Opening Plenary - Speaker, Benjamin Pring - What to do when Machines Do Everything

Grand Ballroom A (Mezzanine Level)

Description

The rise of AI is the great story of our time. Decades in the making, the smart machine is leaving the laboratory, and with increasing speed, infusing itself into every aspect of our lives; our phones, our cars, the planes we fly in, the way we bank, the way we entertain ourselves – and most importantly, the way we work. In this session, world renowned futurist, Ben Pring, will take us on a tour of the future, showing us where x marks the spot and where bodies are buried. If you’re wondering about the future of your work, and what you’re doing to do in a world of AI and automation, this will be an hour well spent.

 


 

Ben Pring head shot

Benjamin Pring, Co-founder, Cognizant Center for the Future of Work

Ben Pring co-founded and leads Cognizant’s Center for the Future of Work. Ben is a co-author of the best-selling and award-winning books, What To Do When Machines Do Everything (2017) and Code Halos; How the Digital Lives of People, Things, and Organizations are Changing the Rules of Business (2014).
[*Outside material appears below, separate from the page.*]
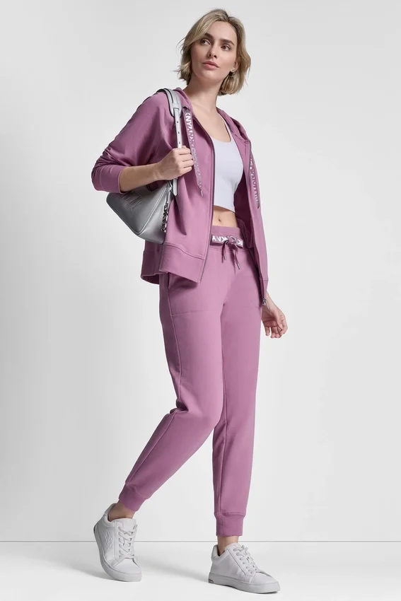 Diseñados para un estilo de vida que nunca se detiene, estos pantalones Jogger de talle alto se mueven contigo; combínalos con un sujetador tipo sports bra con logo y un bolso de bandolera de malla.

Ben sits on the advisory board of the Labor and Work Life program at Harvard Law School. In 2018 Ben was a Bilderberg Meeting participant.

Ben joined Cognizant in 2011, from Gartner, where he spent 15 years researching and advising on areas such as Cloud Computing and Global Sourcing. Prior to Gartner Ben worked for a number of consulting companies including Coopers and Lybrand.
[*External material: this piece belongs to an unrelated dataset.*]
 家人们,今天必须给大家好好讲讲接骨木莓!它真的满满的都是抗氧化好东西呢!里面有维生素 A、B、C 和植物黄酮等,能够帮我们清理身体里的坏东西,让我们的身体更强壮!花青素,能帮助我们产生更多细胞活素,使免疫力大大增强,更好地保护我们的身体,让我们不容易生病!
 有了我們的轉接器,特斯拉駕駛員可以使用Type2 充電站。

At Gartner, Ben was the lead analyst on all things “Cloud”; he wrote the industry’s first research notes on Cloud Computing (in 1997!), and Salesforce.com (in 2001), and became well known for providing provocative but accurate predictions about the future of IT. In 2007, Ben won Gartner’s prestigious annual Thought Leader Award.
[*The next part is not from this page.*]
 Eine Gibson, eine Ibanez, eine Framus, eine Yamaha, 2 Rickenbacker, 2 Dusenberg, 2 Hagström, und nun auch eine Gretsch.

Ben’s expertise in helping clients see around corners, think the unthinkable, and calculate the compound annual growth rate of unintended consequences has made him an internationally recognized expert on leading edge technology and its intersection with business and society. His work has been featured in the Wall Street Journal, the Financial Times, the London Times, Forbes, Fortune, the MIT Review, the Daily Telegraph, Quartz, Inc., Axios, the Australian, and the Economic Times.

Based in Boston since 2000, Ben graduated with a degree in Philosophy from Manchester University in the UK where he grew up.